Arnould’s keynote speech resonated in broader perspective to the concept of ecosystems, developing currently in disciplines outside of the study of biology. Socio-ecosystems are complex entities to study much due to that they consist of multiple levels of organisation with different types of actors and influencers in the network context. Within the service systems literature, Maglio et al. [1] saw a need to abstract service systems to better understand the concept. As such, the authors defined a service system as ”a configuration of people, technologies, and other resources that interact with other service systems to create mutual value.” Because service systems are dynamic, they can be acted upon and interact with other types of systems, the key behaviour always being co-creation in value. A well fostered services ecosystem for example, would enable value co-creation between service provider and client, by providing the necessary structures, methods and tools for all stakeholders to coordinate collaborative activities. This business ecosystem would in turn form a network of trustworthy social relations that will help fulfil customer needs and catalyse service innovation.
This idea of a service ecosystem extended in practice in my view, to the individuals that constituted the community of RESER scholars. From when I had the opportunity to organise the Gothenburg meet in 2010 and have come to know the RESER community as a convivial group of persons, informal with each other, I could see that the warm resonances have continued to be between members of the group over the years.

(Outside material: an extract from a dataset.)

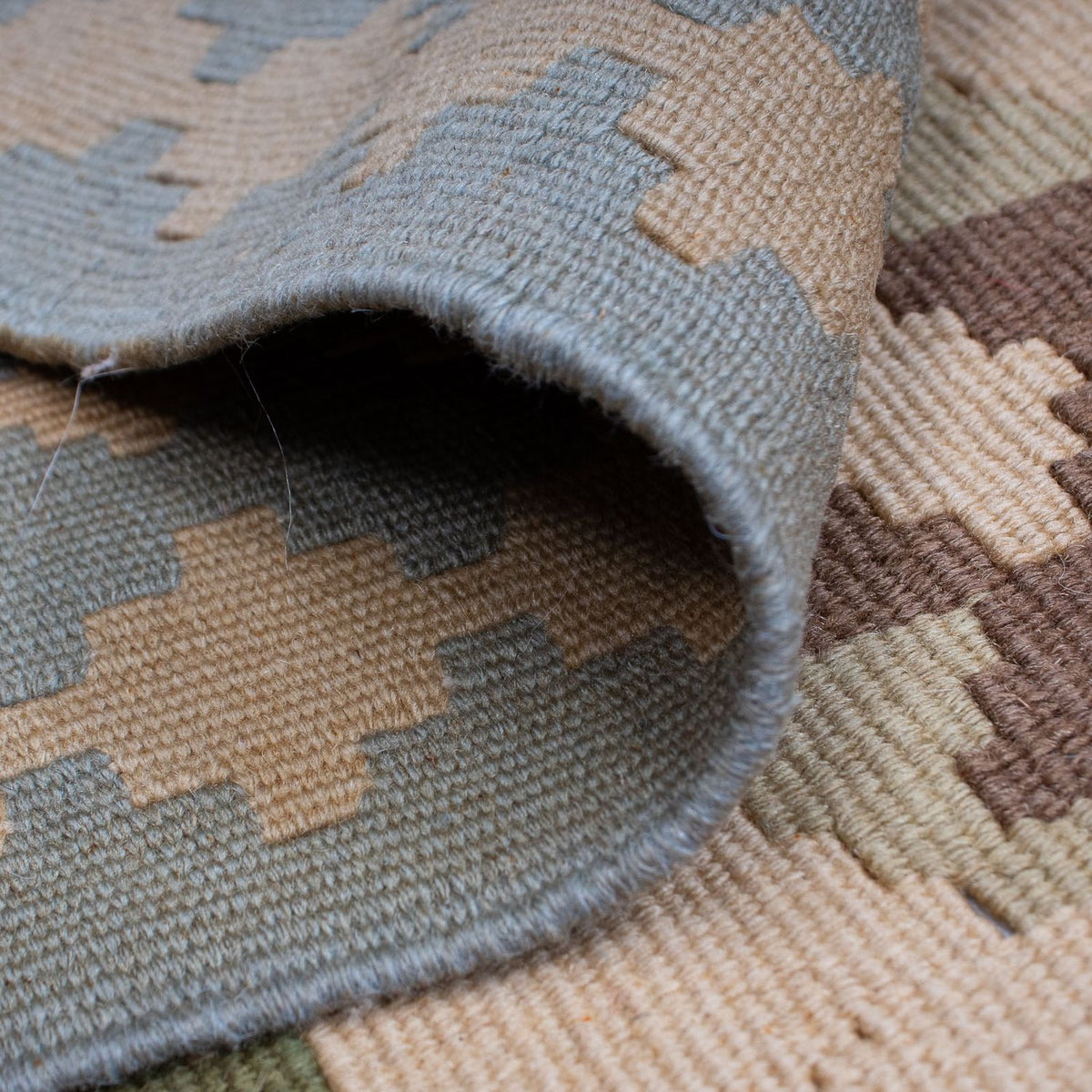 Die handgesponnene Wolle verleiht dem Teppich eine einzigartige, leicht strukturierte Oberfläche mit dezentem Glanz – ein Zeichen echter Handwerkskunst. Gleichzeitig wirkt das Material temperaturausgleichend, schmutzabweisend und sorgt für ein behagliches Raumklima.

There were about a hundred papers presented at this conference with a hundred and fifty in attendance. The conference culminated with a celebratory dinner with achievement awards given to distinguished scholars in the field. Set against the view of Mount Vesuvius and the stretch of the Gulf of Naples on a warm evening in late summer, all that was left to round off this event was a good wine from the region of Campania, southern Italy.
Patrik Ström President of RESER, delivering the opening speech of the 26th annual conference of RESER.
Patrik Ström with Andrew Jones, Professor in Economic Geography and Pro Vice-Chancellor (Research & Enterprise), City University of London, United Kingdom, talking about the impact of the new spatial hybridisation of TNCs (transnational corporations) across mature and emerging markets in terms of service innovation.
Presentation by Cheryl Marie Cordeiro at RESER 2016 on perspectivising the Cartesian divide on product and services in services innovation.
Visiting the ruins of Pompeii, sitting on a part of the plain architrave from an old Greek Doric temple.
The location of the conference in the shadow of Mount Vesuvius, and the environment lent itself to many reflections on both the service industry, the development and future of mankind as such, where the service industry will be of significant importance.
References
[1] Maglio, P.P., Vargo, S.L., Caswell, N., & Spohrer, J. (2009): The service system is the basic abstraction of service science, Information Systems and E-Business Management 7(4): 395-406.